Mais Jean Cournut fait un pas de plus et avance que le féminin en lui-même est irreprésentable : « Cette peur que les hommes éprouvent envers les femmes ne procèderait-il par, elle aussi, d’une difficulté des hommes ‘‘à se représenter’’ le féminin des femmes, et plus secrètement le féminin qu’ils portent en eux aussi ? Non pas la sexualité féminine (quoique !) ; pas la féminité dont les femmes se parent pour rassurer les hommes, et dont les hommes les parent pour se rassurer, mais le féminin, c’est-à-dire cette part obscure de l’autre,

cette question de l’altérité, cette différence dont se scandalise le narcissisme dans la mesure où il ne l’intègre pas, ce risque permanent de déliaison au bord duquel vacille l’humain »

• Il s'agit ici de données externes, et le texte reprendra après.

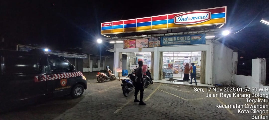 Cilegon - Patroli ini digelar oleh personil Polsek Ciwandan Polres Cilegon Polda Banten untuk Menekan Gangguan Kamtibmas dan mengantisipasi aksi kriminalitas Pada Jam-jam Rawan di pertokoan ataupun minimarket ,Di samping Patroli petugas juga melakukan himbauan dialogis baik dengan karyawan maupun para pengunjung, Senin (17/11/2025).
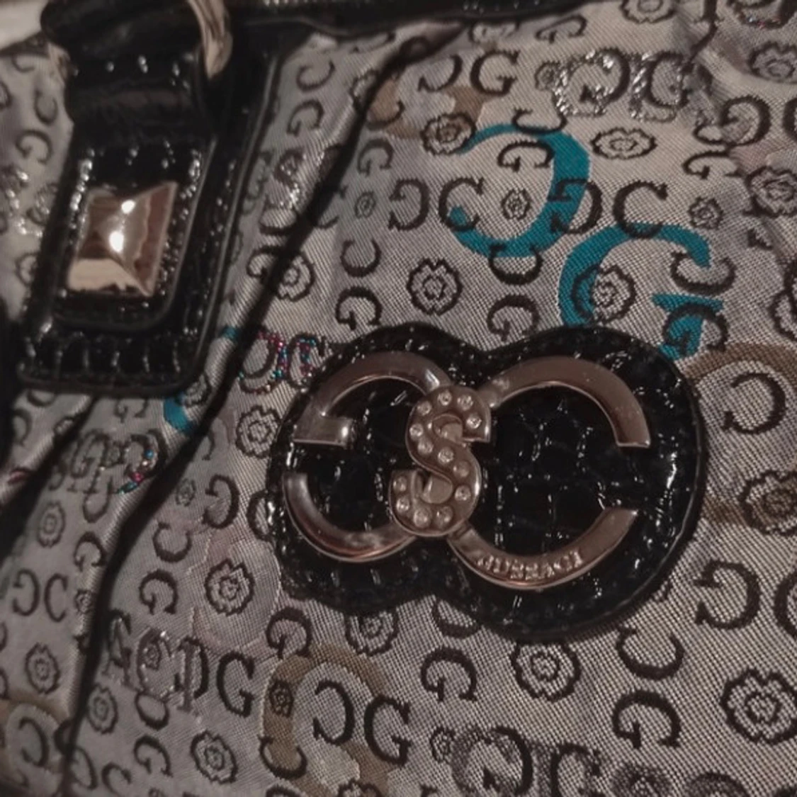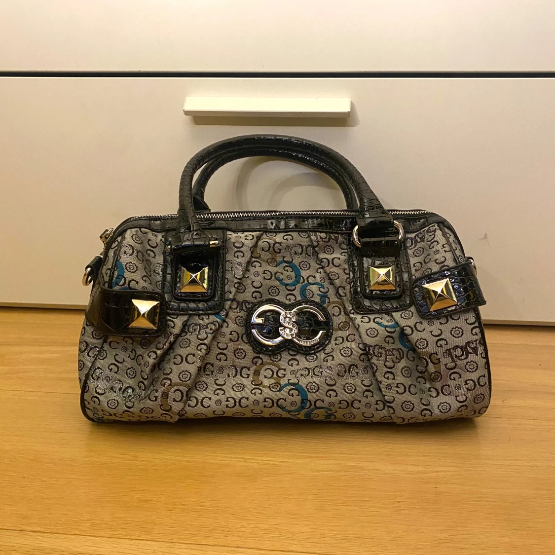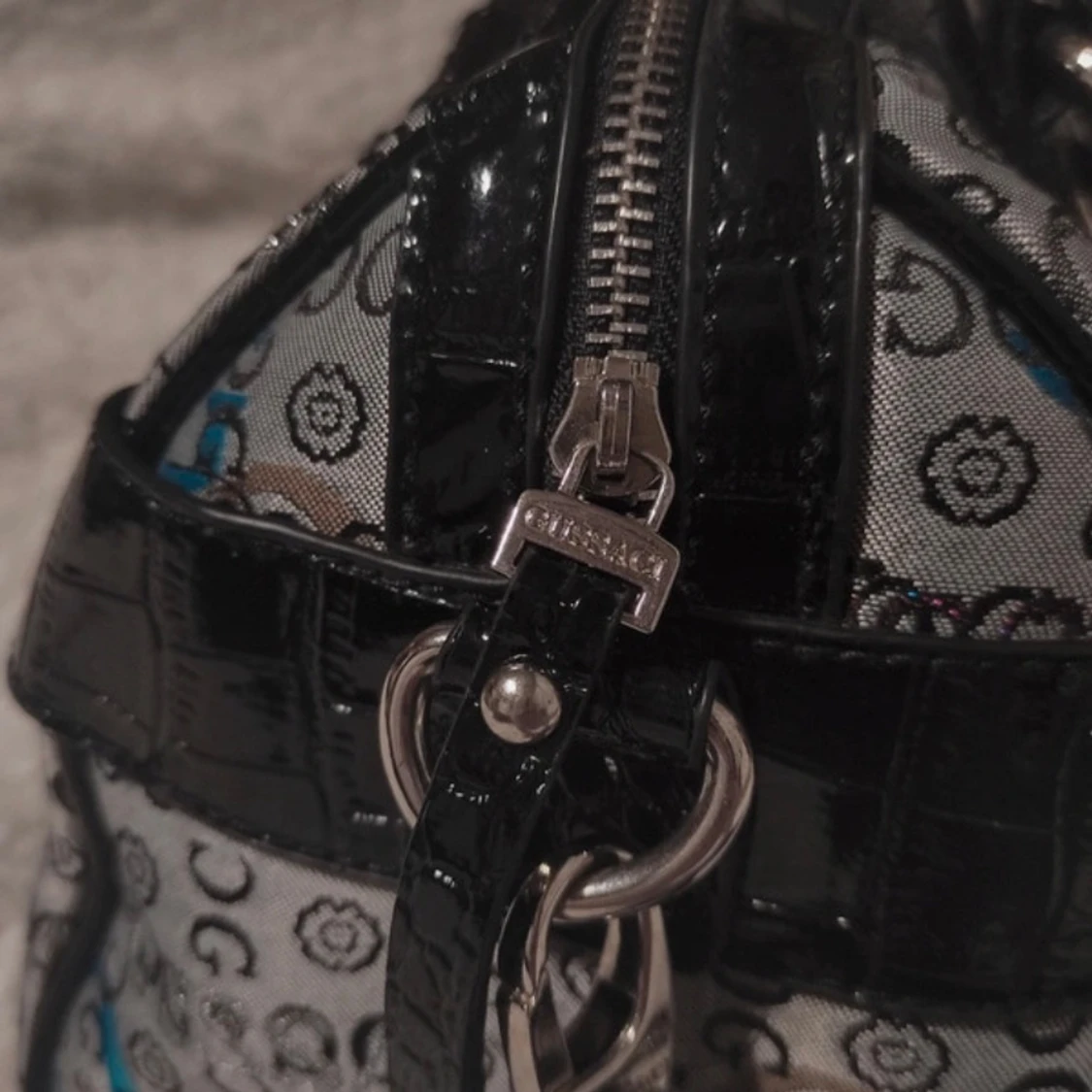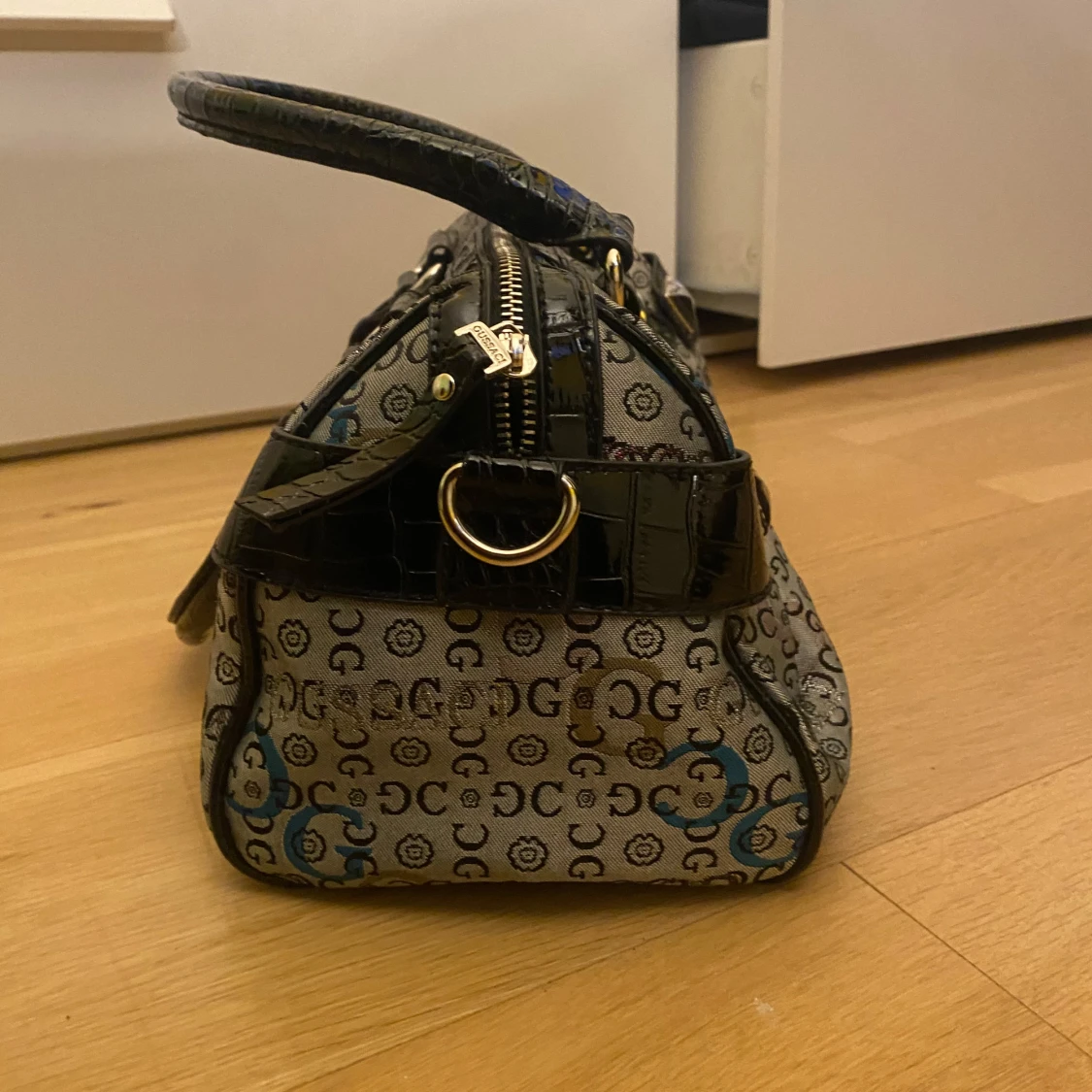 Snygg handväska från Guess med ett unikt mönster i svart och blått. Väskan har dekorativa nitar och en dragkedja upptill.

(Ibid, p. 208). Dans cette perspective, nous pourrions envisager que le cancer de la prostate invite au féminin à deux niveaux. D’une part, il souffrirait de l’équivalence malvenue entre le châtré et le féminin dans le latent sur un plan « dynamique », convoquant alors brutalement ce à quoi le petit garçon avait renoncé auparavant pour sauver son identité masculine. En outre, de par le traumatisme et la passivité qu’il inflige, le cancer de la prostate serait en lui-même du féminin dans le sens où il est fondamentalement autre, passivant, irreprésentable et débordant, faisant courir le risque de la déliaison à la fois parce qu’il déborde les capacités psychiques de liaison, parce qu’il déstabilise l’économie pulsionnelle massivement mais également parce qu’il convoque l’existentiel avec la mort, la sexualité et le vieillissement.

Synthèse : Comme toute maladie grave, le cancer de la prostate et ses traitements mobiliseraient une identification narcissique, identification primaire qui consiste à avoir une « faim de soi », à s’autonourrir de soi pour tenir, et que nous entendons alors au sens de Schwering : « s’approprier son corps en s’identifiant aux perceptions et affects, pour lesquels des mots et des pensées seront bientôt disponibles » (2015, p. 36). Mais l’impact sur la sexualité et la virilité viendrait à la fois faire planer la menace :

- de l’identification narcissique à la femme passivée particulièrement dangereuse pour le narcissisme masculin,

- d’une identification mélancolique,

o mais également car le levier de négociation transitionnelle du complexe de castration est alors saturé et débordé par l’élaboration presque impossible et impensable d’une castration trop brute et trop réelle.

Cela expliquerait à nouveau la mobilisation de ce que nous appelons un masculin hypomane, en guise à fois de défense et d’étayage pour et contre la traversée du mouvement mélancolique fortement convoqué.